[Input data]
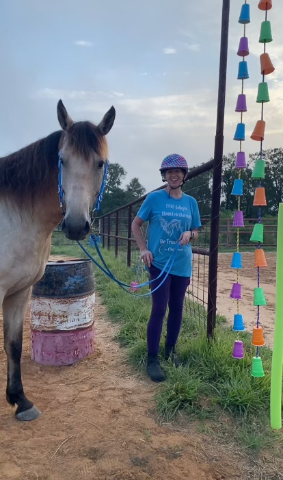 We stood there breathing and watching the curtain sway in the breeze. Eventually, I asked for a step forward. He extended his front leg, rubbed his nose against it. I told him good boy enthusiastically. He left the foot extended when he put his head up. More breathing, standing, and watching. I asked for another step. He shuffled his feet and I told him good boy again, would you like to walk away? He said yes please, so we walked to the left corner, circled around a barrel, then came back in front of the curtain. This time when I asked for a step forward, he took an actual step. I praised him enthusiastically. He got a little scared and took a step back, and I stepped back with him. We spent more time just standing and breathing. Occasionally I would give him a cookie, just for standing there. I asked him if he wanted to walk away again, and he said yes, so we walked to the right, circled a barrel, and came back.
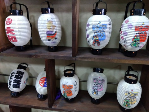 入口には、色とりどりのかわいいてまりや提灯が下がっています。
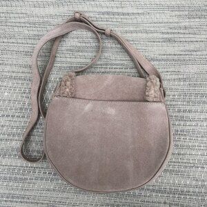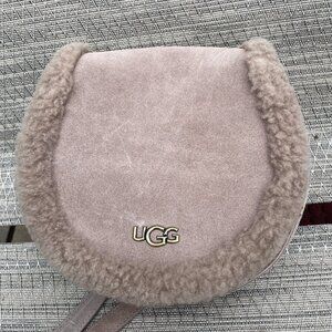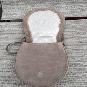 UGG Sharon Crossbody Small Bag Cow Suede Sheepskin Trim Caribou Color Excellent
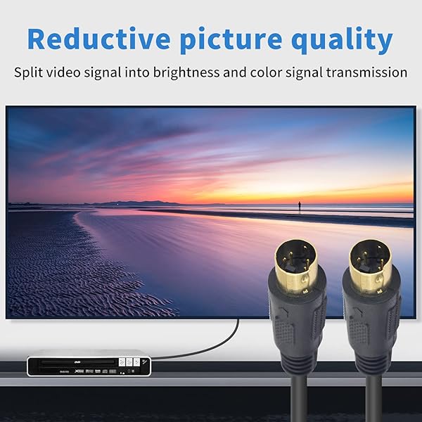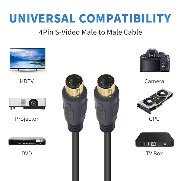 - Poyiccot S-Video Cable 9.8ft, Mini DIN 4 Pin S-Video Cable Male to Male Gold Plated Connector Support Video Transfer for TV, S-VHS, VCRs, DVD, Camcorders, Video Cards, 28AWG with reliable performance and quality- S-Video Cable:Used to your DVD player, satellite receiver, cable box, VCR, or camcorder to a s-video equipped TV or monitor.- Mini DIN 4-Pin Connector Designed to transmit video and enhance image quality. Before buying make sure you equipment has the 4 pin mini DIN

[Assigned task] Reproduce the data above line for line, excluding every picture.

[Task answer]
 We stood there breathing and watching the curtain sway in the breeze. Eventually, I asked for a step forward. He extended his front leg, rubbed his nose against it. I told him good boy enthusiastically. He left the foot extended when he put his head up. More breathing, standing, and watching. I asked for another step. He shuffled his feet and I told him good boy again, would you like to walk away? He said yes please, so we walked to the left corner, circled around a barrel, then came back in front of the curtain. This time when I asked for a step forward, he took an actual step. I praised him enthusiastically. He got a little scared and took a step back, and I stepped back with him. We spent more time just standing and breathing. Occasionally I would give him a cookie, just for standing there. I asked him if he wanted to walk away again, and he said yes, so we walked to the right, circled a barrel, and came back.
 入口には、色とりどりのかわいいてまりや提灯が下がっています。
 UGG Sharon Crossbody Small Bag Cow Suede Sheepskin Trim Caribou Color Excellent
 - Poyiccot S-Video Cable 9.8ft, Mini DIN 4 Pin S-Video Cable Male to Male Gold Plated Connector Support Video Transfer for TV, S-VHS, VCRs, DVD, Camcorders, Video Cards, 28AWG with reliable performance and quality- S-Video Cable:Used to your DVD player, satellite receiver, cable box, VCR, or camcorder to a s-video equipped TV or monitor.- Mini DIN 4-Pin Connector Designed to transmit video and enhance image quality. Before buying make sure you equipment has the 4 pin mini DIN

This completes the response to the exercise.